B. Is the New Evidence admissible?

[26] The New Evidence submitted by the Applicant was not before the Officer. The general rule is that evidentiary record before this Court on judicial review of an administrative decision is restricted to the evidentiary record that was before the administrative decision-maker (Association of Universities and Colleges of Canada v Canadian Copyright Licensing Agency (Access Copyright), 2012 FCA 22 at para 19 [Access Copyright]). While there are exceptions to the general rule (Access Copyright at para 20), I do not find that they apply to the New Evidence.

[27] Placing aside the Applicant’s comments on the Officer’s decision, the New Affidavit and the two support letters speak to the issues that were raised in the original affidavit before the Officer but in greater detail. The alleged events all took place prior to the Decision. The Applicant states that the two support letters, one from her maternal grandfather and another from her father’s cousin, were provided at this stage because of the Applicant’s possible deportation. The deportation order, however, was issued prior to the filing of the PRRA Application and over fourteen months prior to the Decision.

[28] The New Affidavit states that the support letters speak to “persecution, forced marriage, and violence due to my religious and political beliefs”. While the support letters do speak to the issue of forced marriage, they do not address the Applicant’s Christianity or perceived political beliefs. In any event, the information contained in the two support letters does not post-date the Decision.

[29] The New Affidavit also contains argumentation, additional information, and efforts to draw legal conclusions. The New Affidavit purports to review the Officer’s decision and determine that it was “unreasonable”. This is not an acceptable use of an affidavit on judicial review.

[30] For these reasons, I find the New Affidavit and its associated exhibits are not admissible.

C. (i) Did the Officer render an unreasonable decision with respect to the Applicant’s fear of religious persecution?

[31] At the hearing and in her written submission, the Applicant argued that she will most likely face incarceration or death because she has converted to Christianity. In the Applicant’s affidavit, however, she states: “je suis chrétienne, mais ma famille est musulmane et elle ne sait pas que je me suis convertie.” She also states, in her Affidavit, that she fears her family because of her conversion. Other than the foregoing two sentences, the Applicant provided no further details or evidence about her Christianity or her family’s views thereon.

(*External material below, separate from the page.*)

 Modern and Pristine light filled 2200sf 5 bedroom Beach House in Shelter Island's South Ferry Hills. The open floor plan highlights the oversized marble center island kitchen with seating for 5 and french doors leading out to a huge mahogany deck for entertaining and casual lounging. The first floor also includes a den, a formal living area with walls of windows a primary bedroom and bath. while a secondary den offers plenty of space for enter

[32] The Officer considered documentary evidence on religions in Rwanda noting that, among other things, freedom of religion is protected by enforced rules and regulations, and the population of Rwanda is, based on a 2018 United States State Department Report, 44 percent Catholic; 38 percent Protestant; 12 percent Seventh-day Adventist; 2 percent Muslim, and 0.7 percent Jehovah’s Witness. The Officer found that the Applicant did not demonstrate how she would not be able to practice her religion freely in Rwanda.

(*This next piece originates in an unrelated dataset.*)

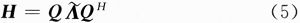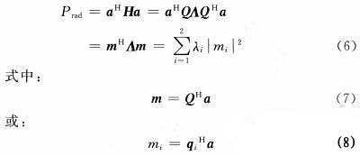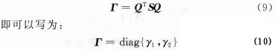 式中:A=diag{λ1,λ2},而Q是幺正的(即QQH=I)。根據厄米特矩陣的性質,兩個正交值λ1和λ2都是實數,並且小於等於1。將式(5)代入式(4)得:
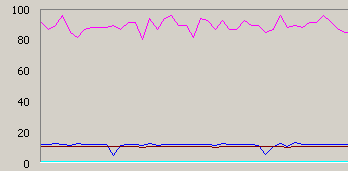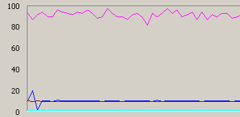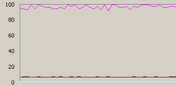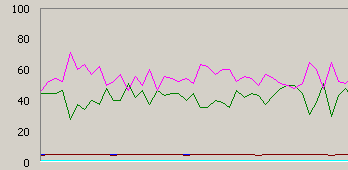 Давайте посмотрим на графики PerfMon по трем серверам (InterBase 7.5 и 2007 в этом плане идентичны, как вы уже убедились выше. Графики по Yaffil не приведены т.к. идентичны Firebird 1.5, за исключением более высокого disk transfer rate):

[33] The Applicant relies on Zabeba v Canada (Citizenship and Immigration), 2011 FC 1404, a decision concerning a Christian applicant from Yemen, for the proposition that apostates face serious penalties such as annulment of marriage, termination of citizenship, confiscation of identity papers and the loss of social and economic rights. The Applicant, however, bears the burden of demonstrating that she herself would face a risk of persecution. Save for the two sentences in the Applicant’s affidavit, and a short article on the closure of 714 of the 1,300 churches in Kigali for alleged hygiene and noise violation reasons, there is no other evidence adduced by the Applicant concerning her Christianity or Christianity in general in Rwanda.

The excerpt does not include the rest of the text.